Over the New Year of 1925 Hilda became convinced she was pregnant and a quiet wedding was arranged at the parish church of distant Wangford in Suffolk, where Hilda had served as a Great War landgirl. Only a few family attended, returning to London soon after the ceremony and leaving Stanley and Hilda to make their way to their digs at Mrs Lambert’s cottage to celebrate their honeymoon. He described his feelings on that walk in a moving reminiscence [printed in full in Andrew Glew’s Stanley Spencer, Letters and Writings] ….at last we were alone. I can feel the gravel and tarmac under my feet now….We did not hurry but listened to ourselves loving. We stood singly about like things set adrift. How lovely it was. In our apparently aimless standing about we loved and mentally hugged each other. I could have sat on that low garden wall off Hill St for ever….

The marriage was to prove crucial in Stanley’s emotional and artistic journey, although
its immediate impact was to compel a reappraisal of the content of The Cookham Resurrection which he had planned in his pre-nuptial state. His mastery of the resulting compositional problems ended for ever his doubts about marriage and of its 'peril' as a disturber of the peace.
After Hilda's death in 1950, Stanley again celebrated the impact of these marriage-feelings, this time in a series of paintings he called The Marriage at Cana. In them he honoured the up-in-heaven perfection of love through marriage by recalling joyous down-to-earth moments ('epiphanies') of their life together.

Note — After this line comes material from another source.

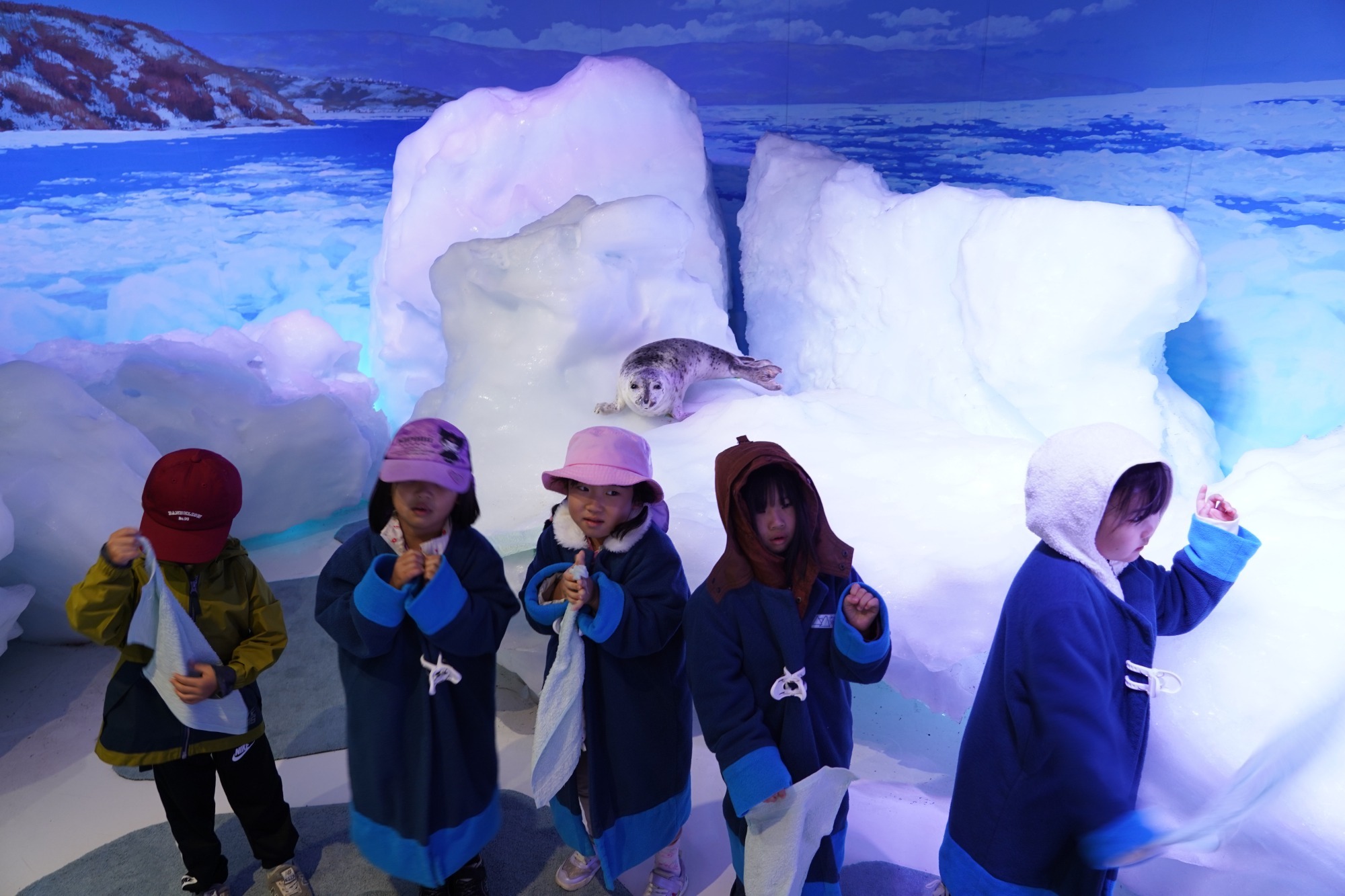 お泊まり会でゲットしたチケットでオホーツク流氷館に行ってきました。ここは氷点下のお部屋で、濡れたタオルを回して凍らせたり、流氷を触ったりしました!

In an introductory painting in the series, Bride and Bridegroom, he shows them preparing to sit at a symbolic wedding breakfast. Hilda is wearing the wedding dress she prepared in earlier years, but in fact did not wear at the actual ceremony. The wedding cake stands temptingly on the table in front of them, but the room is still being prepared and there are no guests as yet. The detail suggests that Stanley is alluding to their pre-marriage lovemaking as having pre-empted the formal event. Equally intriguingly a small bridesmaid, not present in the initial drawing, peeps in from one edge of the painting, perhaps an afterthought indicating an embryonic attendant at the occasion to suggest Hilda may have been pregnant at the time.

Stanley and Hilda could never afterwards decide whether she had been pregnant or not, and according to Patricia Preece endlessly worried the question. But interesting though
it was to them in their down-to-earth life, Stanley's art tells us that it was no longer of any creative consequence for him. The miracle of love had overtaken it.